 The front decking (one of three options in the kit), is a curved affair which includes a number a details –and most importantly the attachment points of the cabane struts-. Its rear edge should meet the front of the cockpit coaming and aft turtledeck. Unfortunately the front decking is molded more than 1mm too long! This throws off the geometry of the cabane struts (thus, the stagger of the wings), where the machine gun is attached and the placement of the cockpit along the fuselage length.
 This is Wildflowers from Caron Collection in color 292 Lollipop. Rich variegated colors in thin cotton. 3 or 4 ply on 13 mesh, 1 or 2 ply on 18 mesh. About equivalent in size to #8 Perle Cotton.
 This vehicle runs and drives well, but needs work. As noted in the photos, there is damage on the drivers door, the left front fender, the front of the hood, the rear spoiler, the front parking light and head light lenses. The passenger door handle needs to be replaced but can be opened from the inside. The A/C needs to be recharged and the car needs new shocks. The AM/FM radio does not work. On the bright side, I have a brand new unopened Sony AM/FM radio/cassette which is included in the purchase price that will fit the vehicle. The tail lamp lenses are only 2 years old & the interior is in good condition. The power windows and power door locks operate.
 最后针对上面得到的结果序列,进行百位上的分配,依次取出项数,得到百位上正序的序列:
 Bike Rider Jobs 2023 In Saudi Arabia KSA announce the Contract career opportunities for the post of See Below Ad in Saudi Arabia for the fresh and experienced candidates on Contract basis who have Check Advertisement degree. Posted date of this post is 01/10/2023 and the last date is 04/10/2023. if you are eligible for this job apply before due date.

== == ==

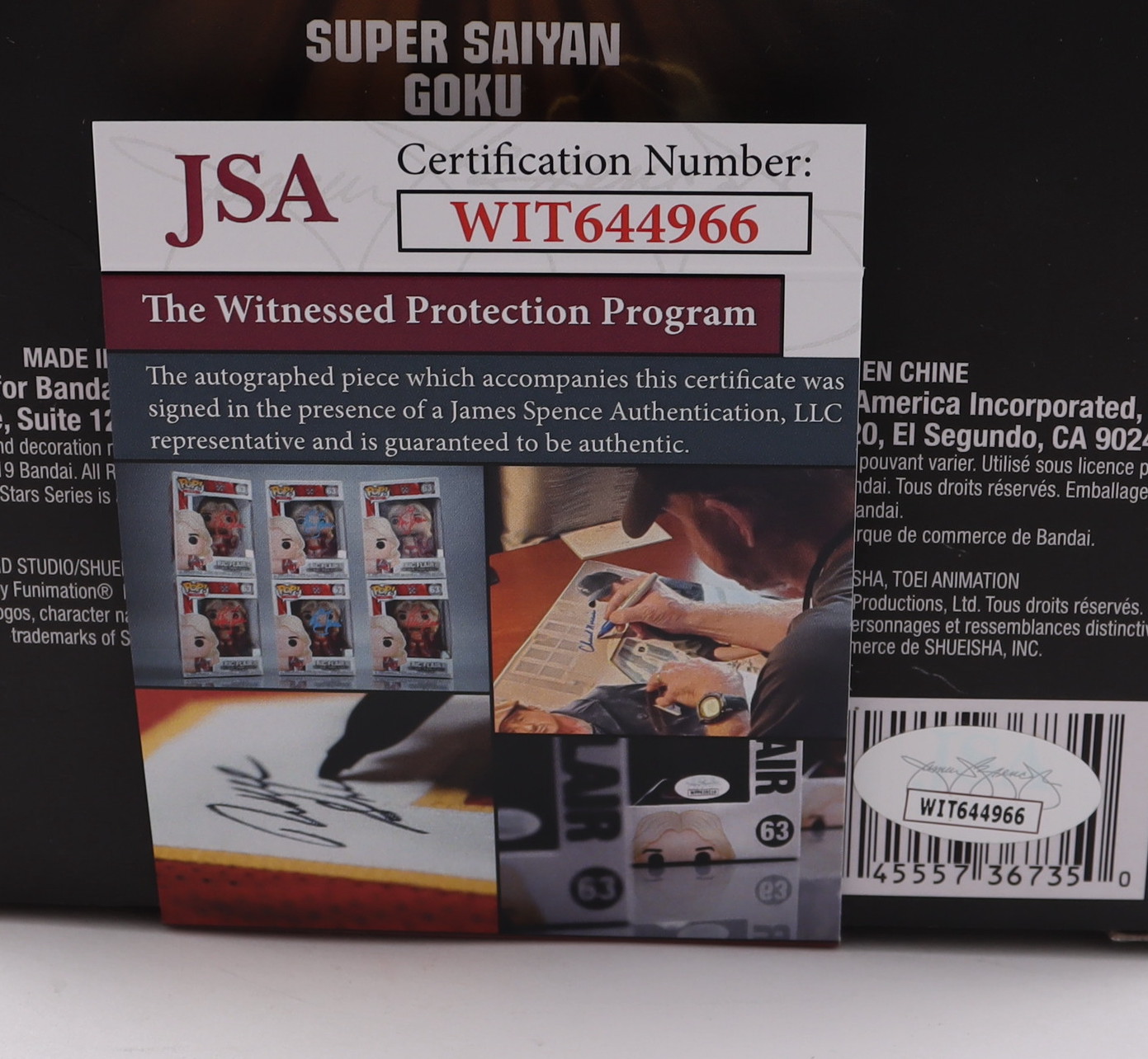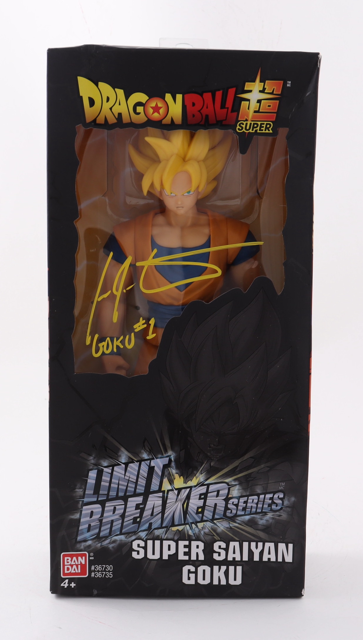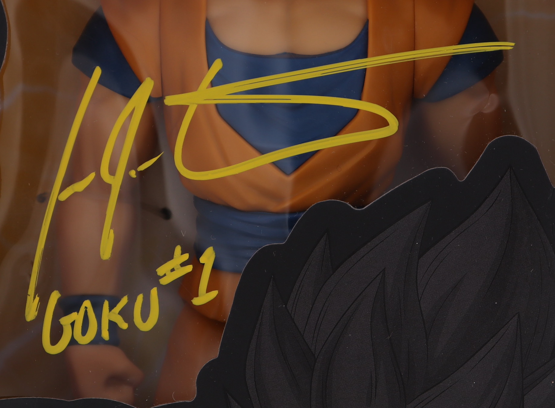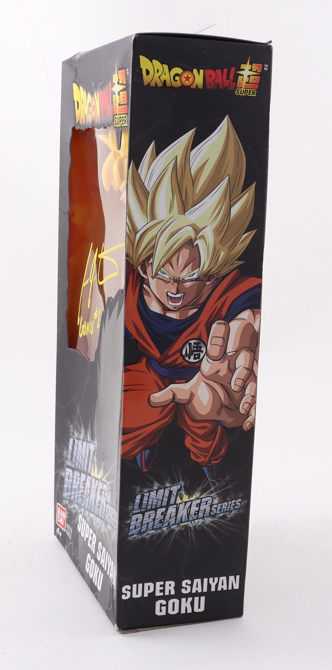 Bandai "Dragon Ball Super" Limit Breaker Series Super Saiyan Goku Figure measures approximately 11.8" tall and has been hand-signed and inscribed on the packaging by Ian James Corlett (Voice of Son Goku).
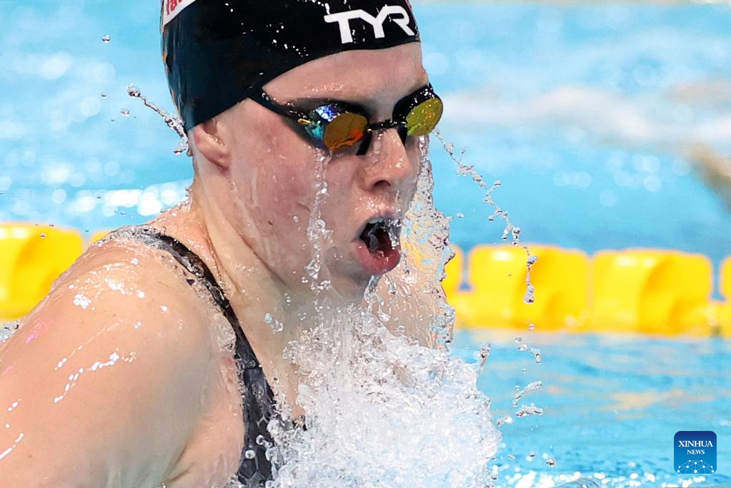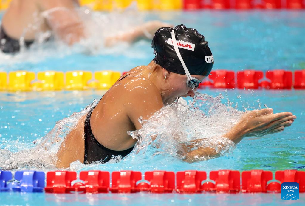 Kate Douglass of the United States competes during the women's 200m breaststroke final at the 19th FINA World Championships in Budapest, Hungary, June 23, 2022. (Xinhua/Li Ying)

== == ==

Problem statement:
Copy word for word the lines above, starting at the line containing "of Son Goku)." and ending at the line containing "Kate Douglass of", inclusive, with no pictures.

Solution to the problem:
 Bandai "Dragon Ball Super" Limit Breaker Series Super Saiyan Goku Figure measures approximately 11.8" tall and has been hand-signed and inscribed on the packaging by Ian James Corlett (Voice of Son Goku).
 Kate Douglass of the United States competes during the women's 200m breaststroke final at the 19th FINA World Championships in Budapest, Hungary, June 23, 2022. (Xinhua/Li Ying)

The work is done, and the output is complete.